Pete spotted a flat rock that sat conspicuously atop another one the size of a dinner plate. Bingo. He turned the top rock over. Nothing. He looked under the plate stone. Nothing.

“The key’s gone,” the kid said.

Pete stood.

“Papa throwed it in them bushes over there, but good luck finding it.”

Pete looked up the ragged road. He couldn’t even see the first switchback. He looked up for the sun, which had already ducked into the trees.

“How far are you up this road?”

“I dunno. A ways.”

“A ways,” Pete said. He ducked under the gate and told the kid to come on.

The sky and the snow they walked over turned everything the sleepy blue of evening and the gelid air burned cold into their lungs. Pete’s lungs at any rate. You’re in terrible shape, he thought. The boy trudged just ahead of him and by the second switchback could have bolted and Pete wouldn’t have pursued him.

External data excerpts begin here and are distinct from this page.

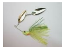
Спиннербейт — чудо рыболовно-инженерной мысли
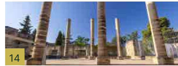
14 Iglesia de San Juan Bautista Uno de los templos tardo-románicos más importantes de la ciudad, que estuvo abierto al culto hasta 1843.
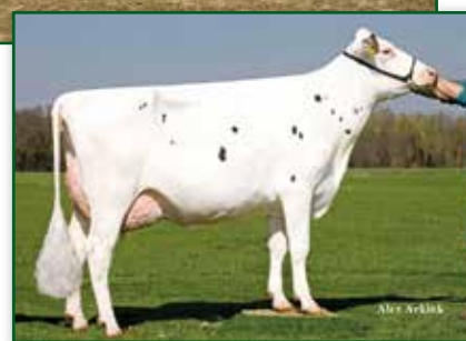
Urgroßmutter Broeks Snowman Betty VG 88
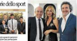
Gruppo di persone all'evento
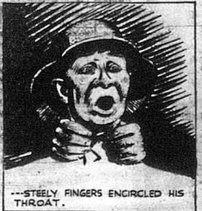
...STEELY FINGERS ENCIRCLED HIS THROAT.
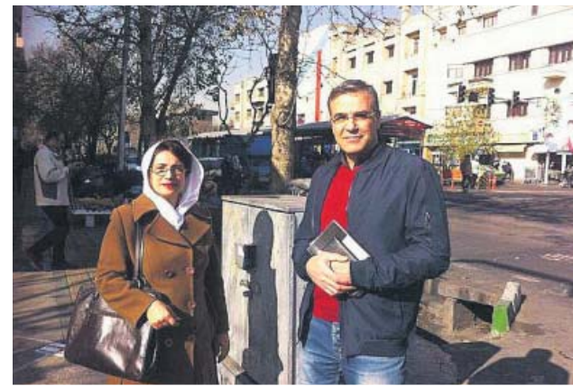
Un icono en la avenida Revolución

En Irán, desde el año 1979 la ley establece la obligatoriedad de usar hiyab a las mujeres y las niñas desde los 9 años. Las sanciones oscilan entre la multa económica variable y la pena de prisión, si el incumpl-
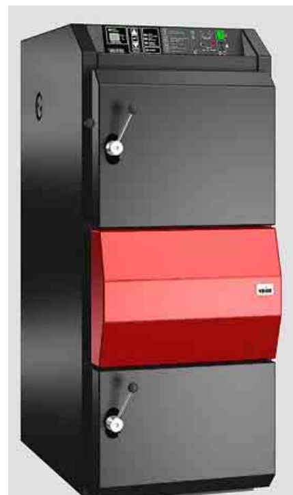
Kotel VERNER V45
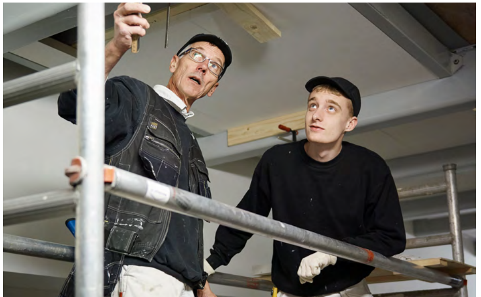
Stilladsbranchen yder en stor uddannelsesmæssig indsats og uddanner mange stilladsmontørel elever på AMU-kontraktuddannelsen, men kun elever fra de traditionelle erhvervsfaglige uddannelser tæller med i trepartsaftalen

Og Solrød Stilladser står ikke alene. Det skaber naturligvis modvilje i mange stilladsvirksomheder, at de nu skal betale på linje med de mange virksomheder, der ikke løfter en uddannelsesopgave. Det er velkendt, at stillads-
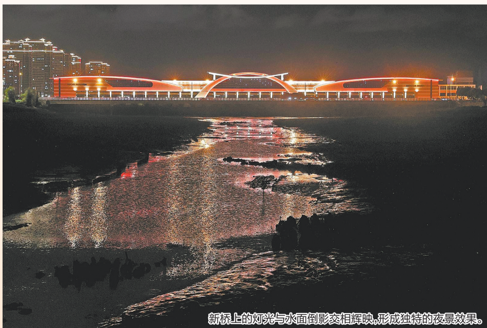
新桥上的灯光与水面倒影交相辉映,形成独特的夜景效果。
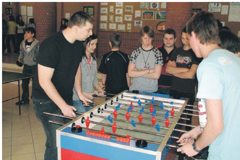
A csocsóbajnokság nevezési díja is a célt szolgálja

Diákjaink mindennap jótékonyági koncerten vehettek részt, melynek előadói iskolánk tanulói voltak. A be-
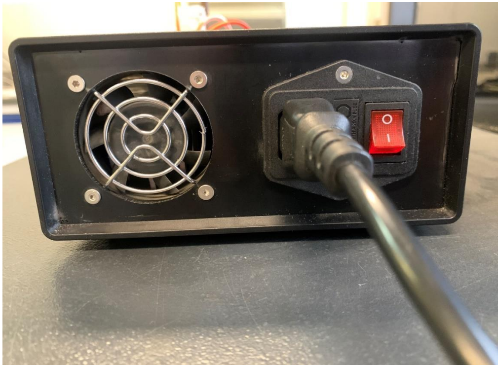
شکل ۳-۲. نمای پشتی دستگاه لیزر ۹۸۰ نانومتری

But instead, the kid stopped against a stump where the road was half washed out and a steady trickle of water ran down a gut carved into the dirt.

Pete gripped his knees gratefully. Walking he’d pondered what he would say to the boy’s parents. He’d tell them that he brought Benjamin back just as fast as he could, that nobody wanted to mess with them or their boy. He was working on what he’d say about the clothes, the prescription, and the vitamin C. But as he played out the scene his positivity set with the sun, and his decision to take the kid up here seemed more absurd. Then fully stupid. Pete had been motivated by a certainty that keeping the kid overnight was not an option. He had no place to put him. Cecil was at the Cloningers’, and he couldn’t ask them. There was nowhere else.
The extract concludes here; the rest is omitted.